The National Harm Reduction Coalition claims "stigma creates the social conditions that make people who use drugs believe they are not deserving of being treated with dignity and respect, perpetuating feelings of fear and isolation." You are, advocates insist, to cast no judgment on an addict because it gets in the way of treatment by making the addict feel "unwelcome or judged by program staff that offers services." We’re supposed to believe it’s not the consequence-free drug use and open embrace of addiction that’s stopping them from treatment. It’s the stigma.

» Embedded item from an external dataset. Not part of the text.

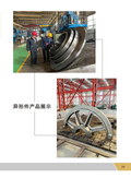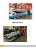 以上主力锻造设备可锻造如下大中型自由锻件:两端夹持可最大拔长锻造20米轴类锻件,镦粗、扩孔锻造5米饼类、圈类锻件,穿芯棒拔长锻造9米筒类锻件,可实现年产各类自由锻件12万吨的最大产能。产品主要面向水(火)电、汽轮机、汽轮发电机、工业透平、管模、船舶、石化、冶金、压力容器等诸多领域。

This contrived argument is meant to shut down the opposition. Progressive activists pursuing harm reduction strategies rely on little opposition. They use arguments guilting the public into submission, insisting progressive neighbors that they should consider their privilege and embrace discomfort to help those in need.
The guilt works in cities with the most left-wing voters, all eager to be in the vanguard of a revolution in tackling societal ills. This tactic allows Radical Left public health officials and politicians to keep veering policy farther to the left.
While voters in Portland and Seattle voice their displeasure with radical drug policy, they shouldn’t expect any changes in the near future. Radical Left activists won’t give up.
While far-left Portland mayor Ted Wheeler called for Measure 110 to be repealed, the Oregon Health Justice Recovery Alliance is warning that the county would lose $58 million in drug treatment funds. Of course, the argument is disingenuous since addicts are hardly being treated and funds are being spent on harm reduction tools, including needles and pipes. Even Wheeler noted in March that "here we are two years later, and we’ve seen the decriminalization of hard drugs, but we’re not seeing the treatment." After delays, the first Measure 110 funded detox facility will open this month, nearly three years after passage.
In Washington, Democrat state lawmakers relented and reclassified drug possession a gross misdemeanor after two years of legalization. But Seattle hasn’t updated its municipal code to codify the change. Under the current policy, drug charges go to the King County Prosecuting Attorney’s Office, which won’t pursue drug possession cases.
Radicals on the city council rejected a measure that would given those cases to the Seattle City Attorney, a Republican who says she’ll charge when appropriate. But the far-left majority on the council wanted less punitive measures taken, while Mayor Bruce Harrell’s office hasn’t even written a replacement, compromise drug policy that was supposed to get a vote last month.
As someone who lives in the Pacific Northwest, I’ve seen this story unfold before: voters claim they’re upset with progressive city governance, but do little to pressure politicians into actually changing course. Often, they vote into office the same kind of Radical Left politician.
Will drug legalization be the issue that finally pushes voters in the Rose City or Emerald City to act? Only time will tell.